Change Narrative Abstract - Poster Presentation Only Australian and New Zealand Society for Geriatric Medicine Annual Scientific Meeting 2023

Implementing a Geriatric Emergency Department Intervention (GEDI) Clinical Nurse Specialist Role in Wellington Regional Hospital (#207)

Eun-Sil Choi 1 , Pedro Broggi 1 , Brendan Ng 1
  1. Acute Health of the Older Person (AHOP) Service, Te Whatu Ora - Capital, Coast & Hutt Valley, Wellington Regional Hospital, Wellington, Newtown, New Zealand

Background:

Wellington Regional Hospital (WRH) is a tertiary-level hospital and trauma centre in New Zealand. Of the 61,113 Emergency Department (ED) presentations in 2022, around 17% were either >75 years or >65 years and Māori/Pasifika. A significant but unknown proportion of them are living with a degree of frailty. Frailty is associated with an increased risk of unnecessary admission, inappropriate tests or interventions, being admitted under the wrong service and overall poorer outcomes. 

 

A major challenge in caring for older people in the modern ED is the recognition of frailty and completing a timely comprehensive geriatric assessment (CGA) to holistically manage these patients.

                                           

Change:

In 2020 we established an Acute Frailty Unit, linking with both ED and General Medicine. This was an evolution from a small hospital-wide multi-disciplinary geriatric consulting team, and the first admitting geriatric medicine service for some years. During the development of admitting processes for the ward, we identified the need for a dedicated geriatric skill-mix in the ED, based on the GEDI principles. These skills were detecting patients living with frailty and providing interventions in a timely fashion to avoid unnecessary admissions, support discharges from ED and admit the patient to the correct service at WRH. In August 2022, we developed and established a GEDI CNS role to address these goals, and provided an opportunity for skills sharing with ED colleagues, and promoted patient-centred care. In the initial phase this has been a single clinical nurse specialist in working hours.

 

Between October 2022 till March 2023 (104 CNS working days), we have screened 2523 older patients for frailty. 258 were seen directly by GEDI CNS and 142 had a CGA completed. Of these, 72 patients were discharged directly from ED, 81 were managed by Acute Geriatric team and 79 patients were admitted under General Medicine with CGA and geriatric input.

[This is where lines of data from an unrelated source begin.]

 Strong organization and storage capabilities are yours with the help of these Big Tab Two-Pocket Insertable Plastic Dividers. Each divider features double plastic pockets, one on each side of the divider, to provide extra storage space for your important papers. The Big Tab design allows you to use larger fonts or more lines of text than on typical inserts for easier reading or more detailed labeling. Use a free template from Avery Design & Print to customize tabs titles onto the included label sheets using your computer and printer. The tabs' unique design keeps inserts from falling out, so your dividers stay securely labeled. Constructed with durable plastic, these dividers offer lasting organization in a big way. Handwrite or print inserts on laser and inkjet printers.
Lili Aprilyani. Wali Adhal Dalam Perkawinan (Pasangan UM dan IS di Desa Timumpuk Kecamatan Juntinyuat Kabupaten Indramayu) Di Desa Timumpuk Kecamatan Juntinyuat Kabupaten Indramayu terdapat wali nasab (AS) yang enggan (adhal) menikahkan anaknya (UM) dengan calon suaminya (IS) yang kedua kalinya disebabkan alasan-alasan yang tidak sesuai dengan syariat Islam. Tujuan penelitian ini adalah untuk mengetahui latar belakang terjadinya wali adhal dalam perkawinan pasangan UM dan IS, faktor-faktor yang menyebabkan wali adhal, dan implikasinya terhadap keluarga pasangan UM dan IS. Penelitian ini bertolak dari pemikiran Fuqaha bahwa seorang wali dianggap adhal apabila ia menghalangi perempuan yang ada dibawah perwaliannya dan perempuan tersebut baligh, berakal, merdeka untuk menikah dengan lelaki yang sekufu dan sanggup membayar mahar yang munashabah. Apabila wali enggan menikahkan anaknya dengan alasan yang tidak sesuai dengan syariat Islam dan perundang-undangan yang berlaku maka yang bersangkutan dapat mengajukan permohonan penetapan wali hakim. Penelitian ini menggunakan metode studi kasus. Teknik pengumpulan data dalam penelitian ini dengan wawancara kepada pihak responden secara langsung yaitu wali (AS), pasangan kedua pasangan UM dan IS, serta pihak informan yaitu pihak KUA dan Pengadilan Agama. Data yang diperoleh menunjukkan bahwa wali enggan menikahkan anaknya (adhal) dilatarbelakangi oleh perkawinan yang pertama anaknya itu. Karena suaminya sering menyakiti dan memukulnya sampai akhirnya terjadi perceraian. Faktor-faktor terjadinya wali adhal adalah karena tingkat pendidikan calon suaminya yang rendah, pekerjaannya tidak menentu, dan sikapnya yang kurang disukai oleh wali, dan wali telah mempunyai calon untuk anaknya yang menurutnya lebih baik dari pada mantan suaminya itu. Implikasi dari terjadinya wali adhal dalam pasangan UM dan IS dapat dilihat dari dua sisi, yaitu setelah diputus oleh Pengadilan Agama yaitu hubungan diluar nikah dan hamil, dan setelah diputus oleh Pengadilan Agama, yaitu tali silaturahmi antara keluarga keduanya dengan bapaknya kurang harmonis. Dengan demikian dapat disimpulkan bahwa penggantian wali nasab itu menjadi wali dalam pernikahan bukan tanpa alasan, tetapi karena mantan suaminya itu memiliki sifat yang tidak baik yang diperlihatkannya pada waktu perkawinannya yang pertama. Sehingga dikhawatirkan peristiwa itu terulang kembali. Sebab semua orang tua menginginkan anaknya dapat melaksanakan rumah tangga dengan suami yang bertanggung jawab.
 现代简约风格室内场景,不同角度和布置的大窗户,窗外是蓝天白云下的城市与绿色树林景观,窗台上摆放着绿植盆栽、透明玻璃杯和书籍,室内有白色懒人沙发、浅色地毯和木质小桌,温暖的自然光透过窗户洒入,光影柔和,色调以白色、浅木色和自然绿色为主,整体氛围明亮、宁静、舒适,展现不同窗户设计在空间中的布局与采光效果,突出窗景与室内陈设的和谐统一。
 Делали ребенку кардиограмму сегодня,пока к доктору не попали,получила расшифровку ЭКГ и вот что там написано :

Verbal feedback from ED and General Medicine has consistently mentioned a positive impact on flow on patients living with frailty presenting to the ED, improved clinical decision-making by ED and inpatient teams using the information gained from the CGA, and the opportunities to collaboratively coordinate the discharge process in the ED.

 

Learnings:

The introduction of the GEDI CNS role has made a positive impact on frailty recognition, supported discharges and streamlining of patients to more appropriate services. We have also developed an educational relationship with our clinical colleagues highlighting the principles of good geriatric care.